Dataset content:
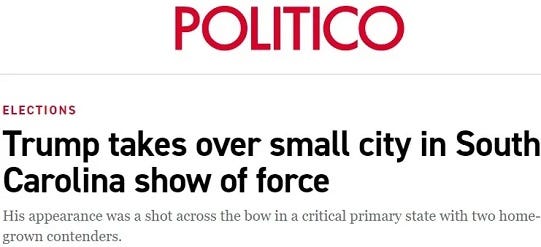“Taking over the movie-set-like Main Street of a town of 3,300 in the hills of South Carolina on Saturday, Trump put on a show of force not only in his stronghold of rural America, but in an early primary state where he remains dominant.”
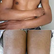 Lichen nitidus is a chronic inflammatory disease of unknown cause[1] characterized by 1–2 mm, discrete and uniform, shiny, flat-topped, pale flesh-colored or reddish-brown papules[2][3] that may appear as hypopigmented against dark skin. Occasionally, minimal scaling is present or can be induced by rubbing the surface of the papules.[3] The disease usually affects children and young adults[4] and is painless and usually nonpruritic, although protracted itching may occur in some cases.[3][5] It is sometimes referred to by dermatologists as "mini lichen planus".
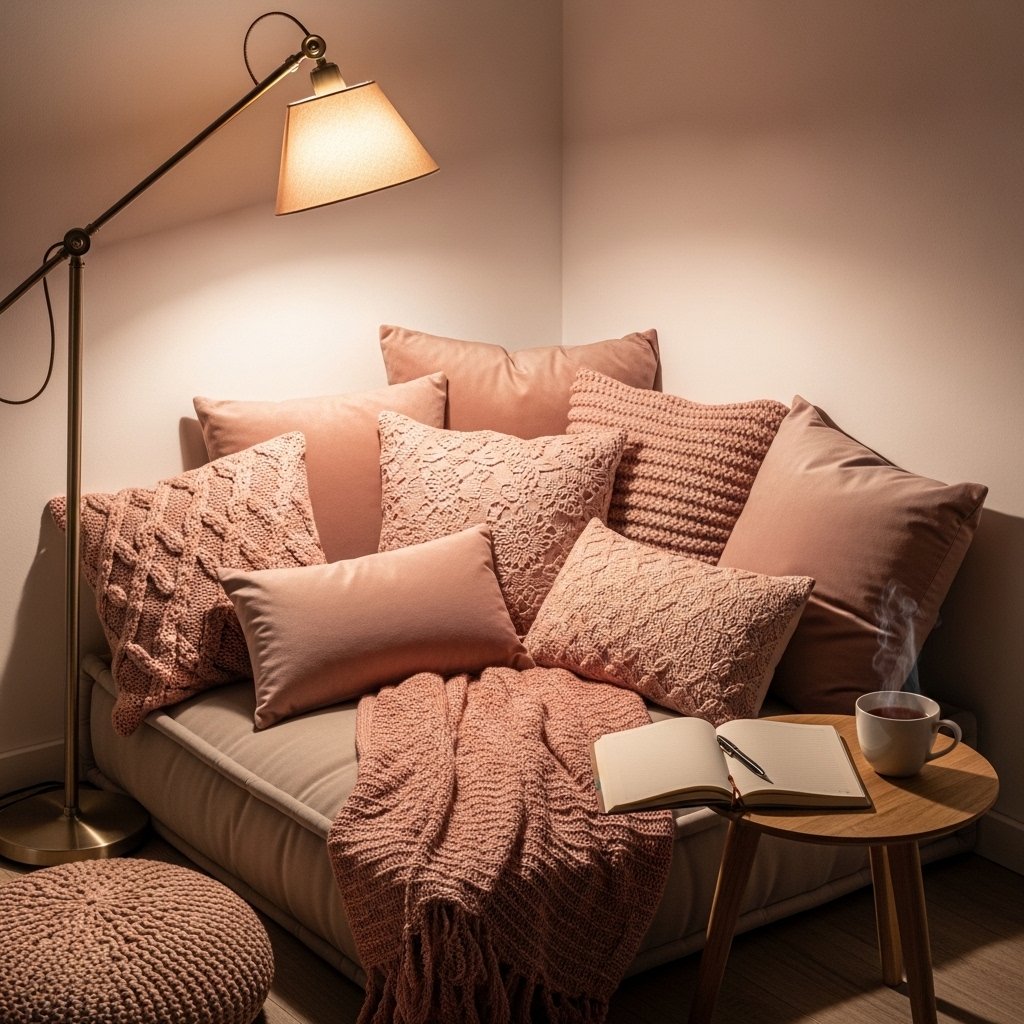 Create a cozy relaxation corner using a small chair, bean bag, or floor cushions. Add multiple throw pillows in velvet, lace, and knitted fabrics for comfort and style. Mix dusty pink shades with cream and dark accents for balance. This corner becomes perfect for reading, journaling, or listening to music. Comfortable spaces complete the inviting vintage grunge atmosphere.

Problem: Go through the data above and transcribe it in full, omitting any image.

Task solution:
“Taking over the movie-set-like Main Street of a town of 3,300 in the hills of South Carolina on Saturday, Trump put on a show of force not only in his stronghold of rural America, but in an early primary state where he remains dominant.”
 Lichen nitidus is a chronic inflammatory disease of unknown cause[1] characterized by 1–2 mm, discrete and uniform, shiny, flat-topped, pale flesh-colored or reddish-brown papules[2][3] that may appear as hypopigmented against dark skin. Occasionally, minimal scaling is present or can be induced by rubbing the surface of the papules.[3] The disease usually affects children and young adults[4] and is painless and usually nonpruritic, although protracted itching may occur in some cases.[3][5] It is sometimes referred to by dermatologists as "mini lichen planus".
 Create a cozy relaxation corner using a small chair, bean bag, or floor cushions. Add multiple throw pillows in velvet, lace, and knitted fabrics for comfort and style. Mix dusty pink shades with cream and dark accents for balance. This corner becomes perfect for reading, journaling, or listening to music. Comfortable spaces complete the inviting vintage grunge atmosphere.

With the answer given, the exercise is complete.